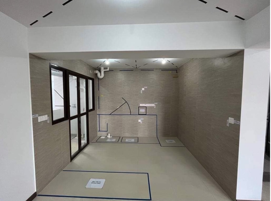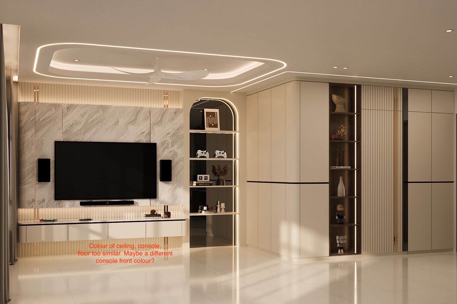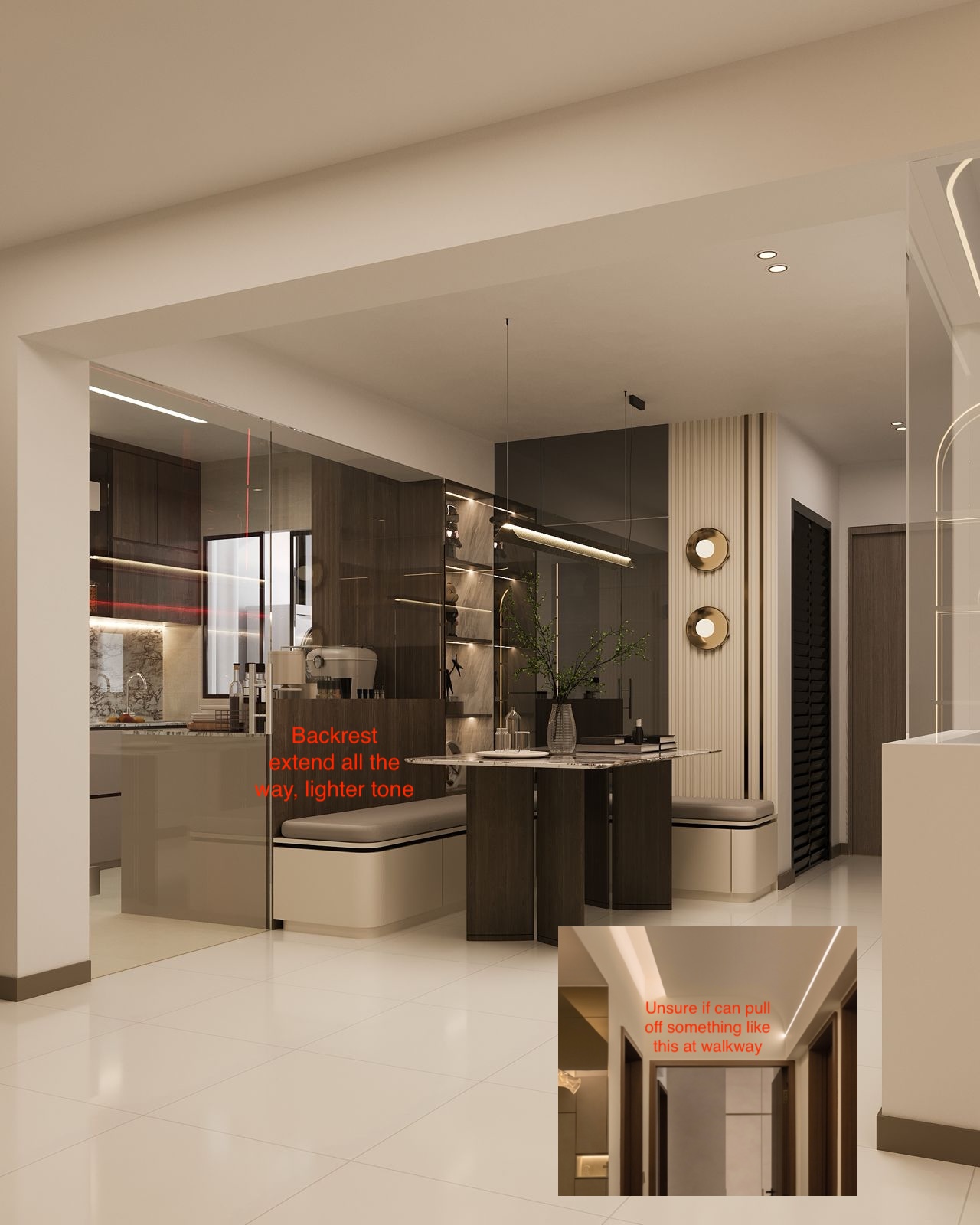 To include wall hanging corner fan at after beam blowing at dining table. False ceiling to cater cutout?
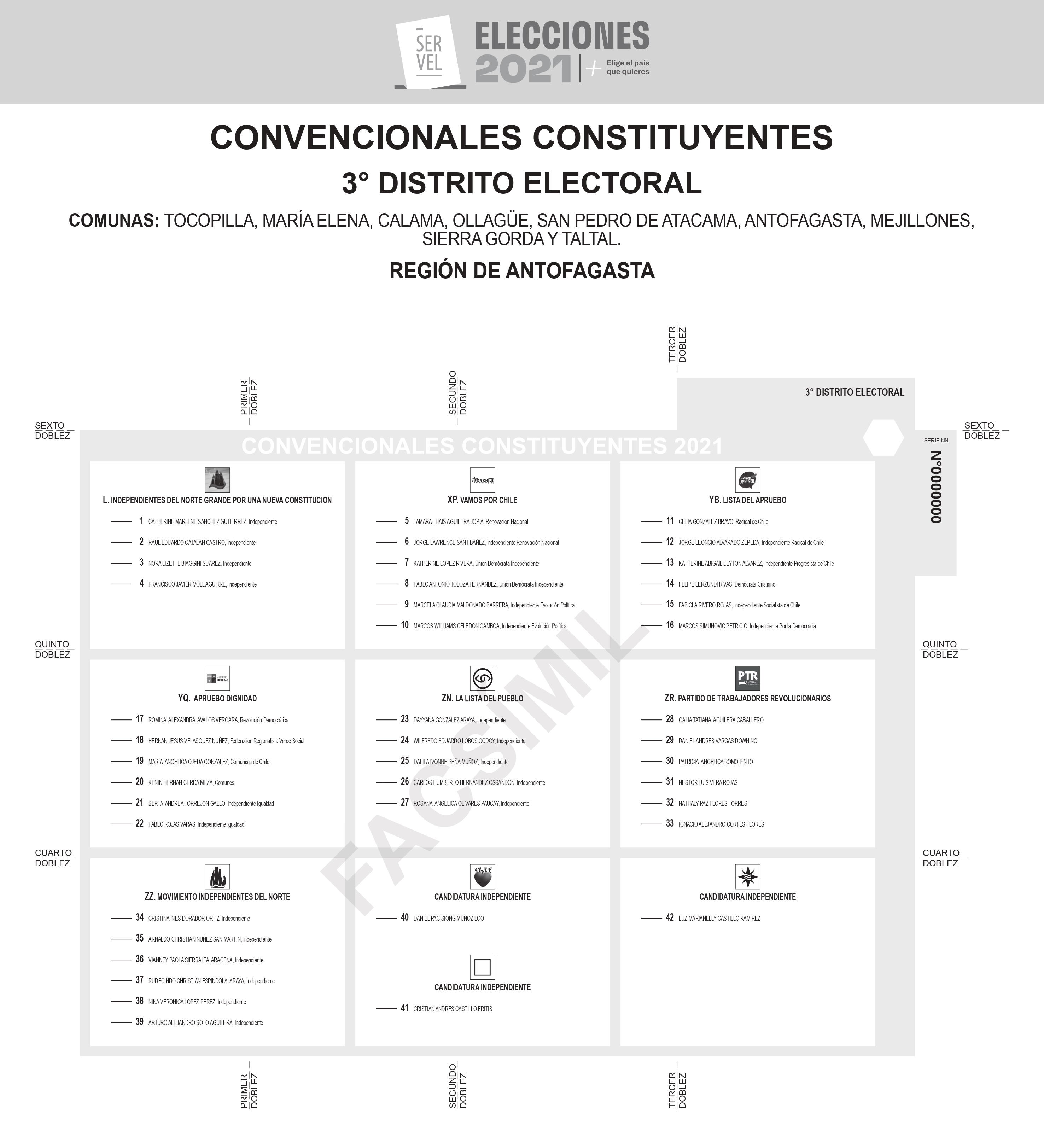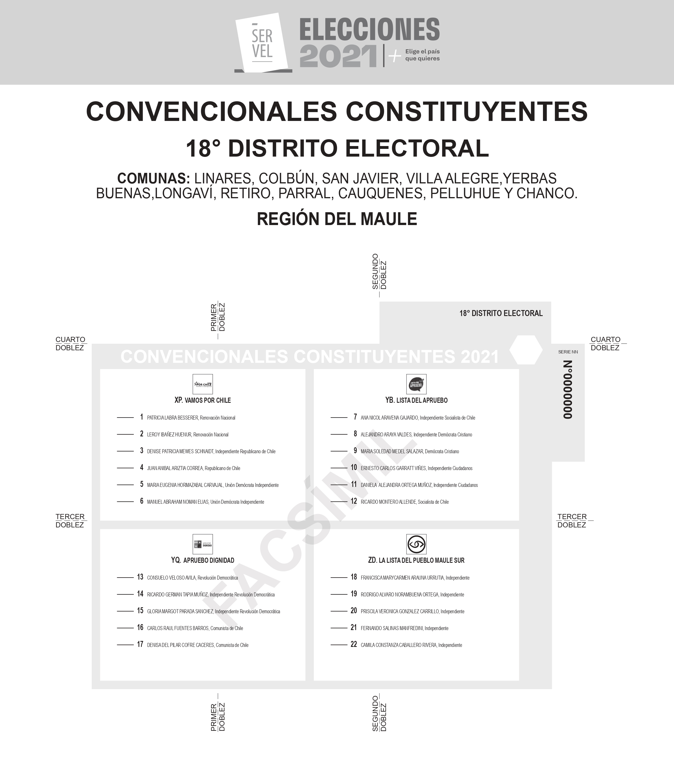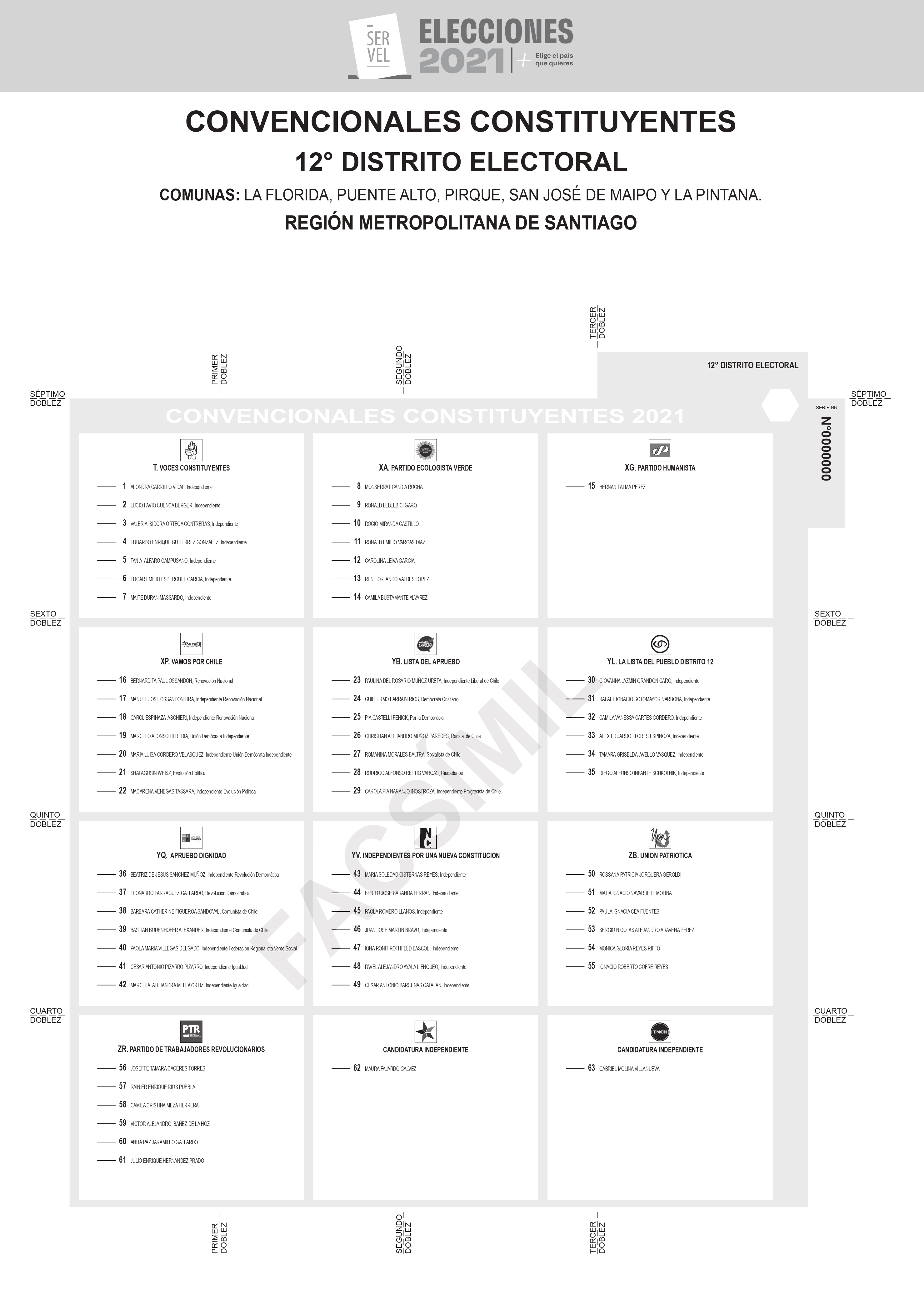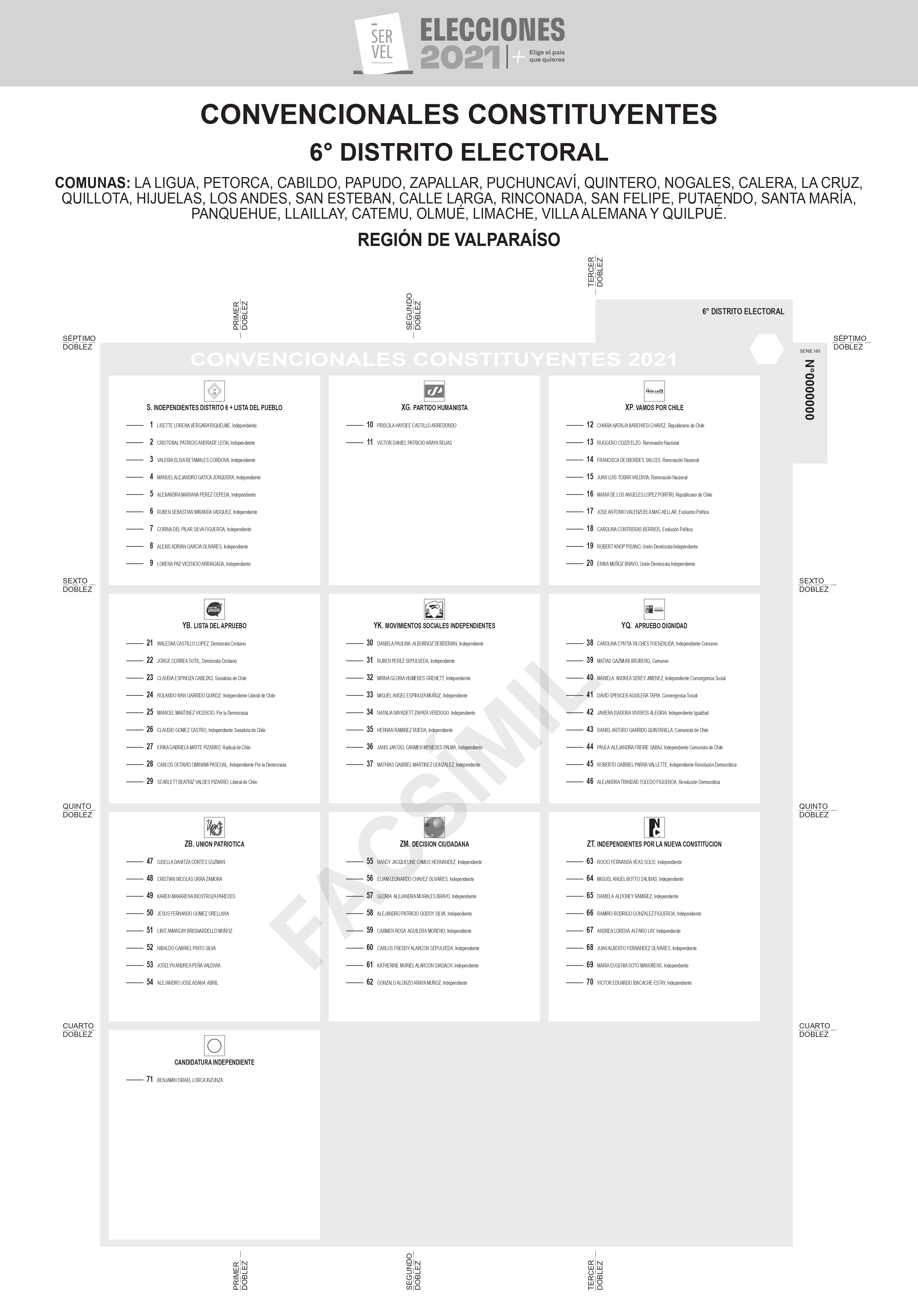Este sábado y domingo se realizarán las elecciones para elegir, entre otros cargos públicos, a los integrantes de la Convención Constitucional. Acá te mostramos cómo será el facsímil en el que deberás marcar la elección de tu representante constituyente.
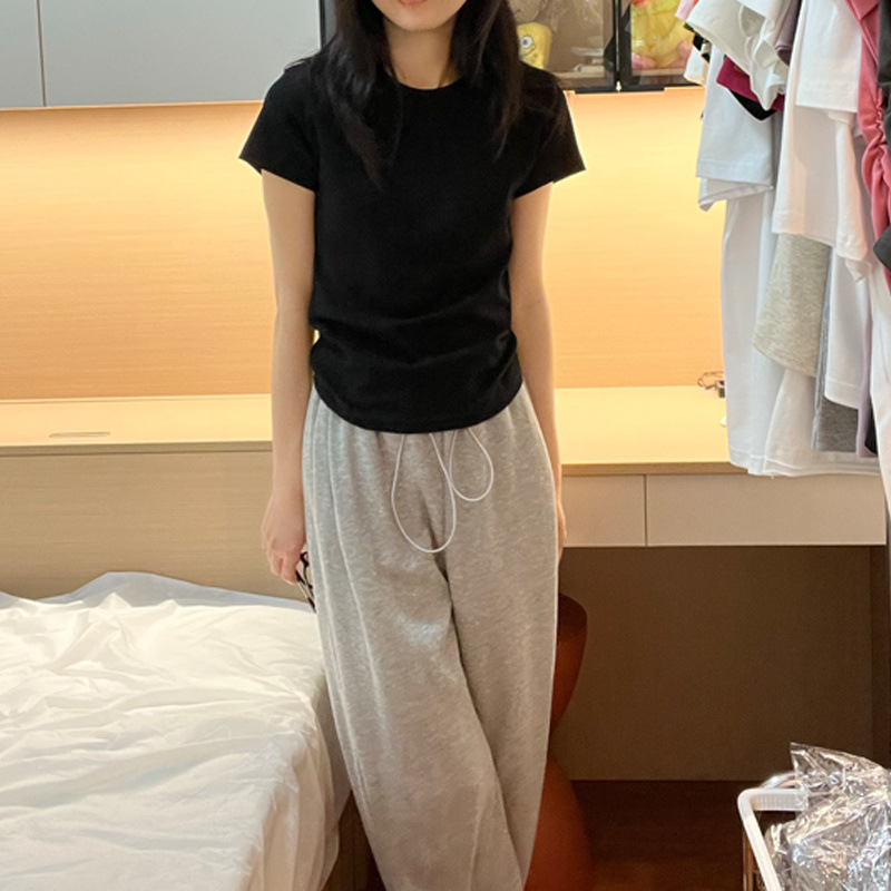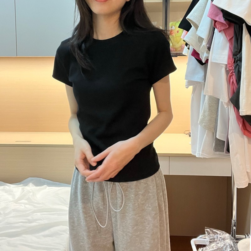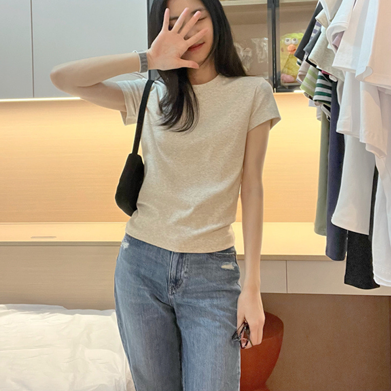 면 어깨 반팔 티셔츠 여자 여름 캐주얼 올 매치 슬림 핏 탑 화이트 티셔츠 슬리밍 베이직베이스 셔츠스토어 가기
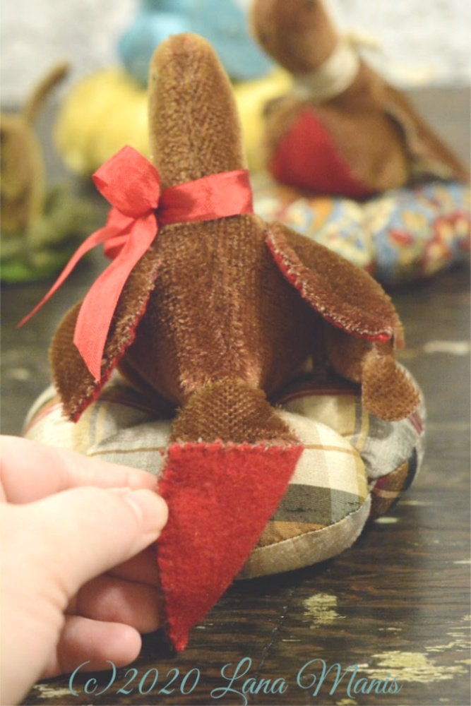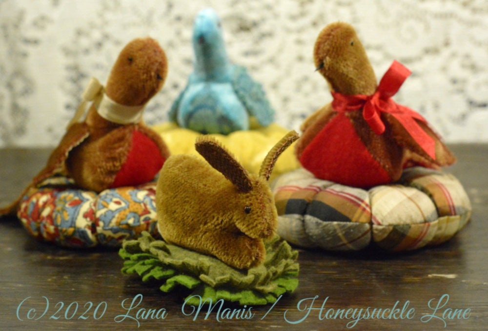 This bird is hand-stitched using vintage, sparse mohair and recycled wool. She sits on a cushion made from plaid silk dupioni. I have used recycled wool for the lining of her wings and tail, as well. I whittled the tiny beak from a piece of ebony leftover from one of my husband's guitar making projects. Vintage seam binding is used for the decorative bow.
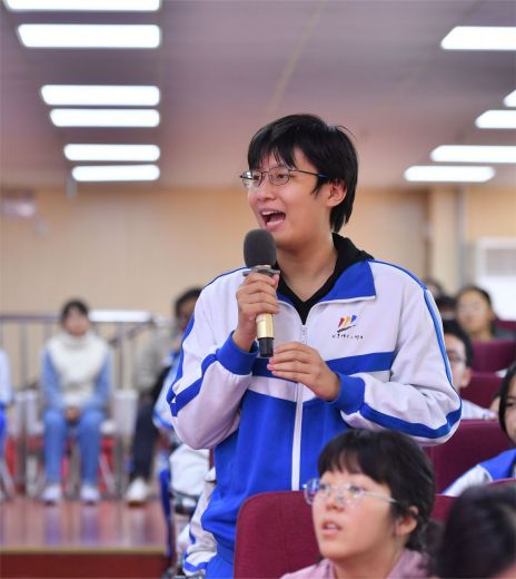 《人民文学》杂志副主编、茅盾文学奖获奖作家 徐则臣 主讲《成为作家》 讲座结束后,徐则臣老师与现场同学进行互动交流,对同学们提出的“如何下定决心成为一名作家”“如何从写作文跨越到文学创作”以及“如何用一句话概括讲座内容”等问题真挚耐心地做出解答。徐老师建议同学们通过不懈地写作实践努力培养自己的发散思维,尝试通过“找到放松的写作状态”与“不断向自己提问”来打开思路,还以切身经历风趣地鼓励同学们,“成为一名作家真的非常容易”。 现场同学向徐则臣老师提问 活动合影 免费成人直播
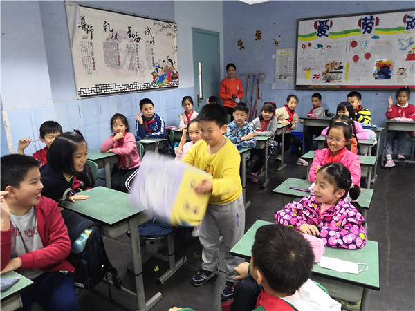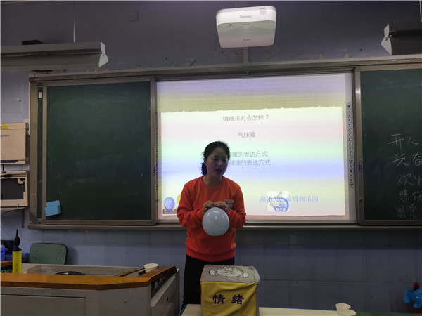 小雨老师首先让同学们说说自己曾经有过的情绪,通过播放音乐让孩子们感受音乐中的情绪,引导孩子们认识了四个基本情绪“喜、怒、哀、惧”。在投掷情绪立方体的游戏中,让孩子们互动表演各种情绪产生的表情,场面生动有趣,气氛热烈。此外,通过让孩子们完成情绪判断题,帮助学生树立正确处理情绪的观念。最后,在“小红、小粉、小蓝”的气球操体验中,孩子们直观地感受到了不健康的情绪表达方式产生的后果。借此,小雨老师告诉孩子们情绪管理就是在面对不良情绪时,使用科学正确的方式探索自己的情绪,调整情绪、理解情绪并放松情绪。不伤害自己,不伤害他人才是正确的情绪处理方式。并向同学们推荐了“情绪垃圾箱”、多参加运动等舒缓情绪的方法。

### Work required
Would you write out every record word for word, leaving no picture in?

### Answer box
 To include wall hanging corner fan at after beam blowing at dining table. False ceiling to cater cutout?
Este sábado y domingo se realizarán las elecciones para elegir, entre otros cargos públicos, a los integrantes de la Convención Constitucional. Acá te mostramos cómo será el facsímil en el que deberás marcar la elección de tu representante constituyente.
 면 어깨 반팔 티셔츠 여자 여름 캐주얼 올 매치 슬림 핏 탑 화이트 티셔츠 슬리밍 베이직베이스 셔츠스토어 가기
 This bird is hand-stitched using vintage, sparse mohair and recycled wool. She sits on a cushion made from plaid silk dupioni. I have used recycled wool for the lining of her wings and tail, as well. I whittled the tiny beak from a piece of ebony leftover from one of my husband's guitar making projects. Vintage seam binding is used for the decorative bow.
 《人民文学》杂志副主编、茅盾文学奖获奖作家 徐则臣 主讲《成为作家》 讲座结束后,徐则臣老师与现场同学进行互动交流,对同学们提出的“如何下定决心成为一名作家”“如何从写作文跨越到文学创作”以及“如何用一句话概括讲座内容”等问题真挚耐心地做出解答。徐老师建议同学们通过不懈地写作实践努力培养自己的发散思维,尝试通过“找到放松的写作状态”与“不断向自己提问”来打开思路,还以切身经历风趣地鼓励同学们,“成为一名作家真的非常容易”。 现场同学向徐则臣老师提问 活动合影 免费成人直播
 小雨老师首先让同学们说说自己曾经有过的情绪,通过播放音乐让孩子们感受音乐中的情绪,引导孩子们认识了四个基本情绪“喜、怒、哀、惧”。在投掷情绪立方体的游戏中,让孩子们互动表演各种情绪产生的表情,场面生动有趣,气氛热烈。此外,通过让孩子们完成情绪判断题,帮助学生树立正确处理情绪的观念。最后,在“小红、小粉、小蓝”的气球操体验中,孩子们直观地感受到了不健康的情绪表达方式产生的后果。借此,小雨老师告诉孩子们情绪管理就是在面对不良情绪时,使用科学正确的方式探索自己的情绪,调整情绪、理解情绪并放松情绪。不伤害自己,不伤害他人才是正确的情绪处理方式。并向同学们推荐了“情绪垃圾箱”、多参加运动等舒缓情绪的方法。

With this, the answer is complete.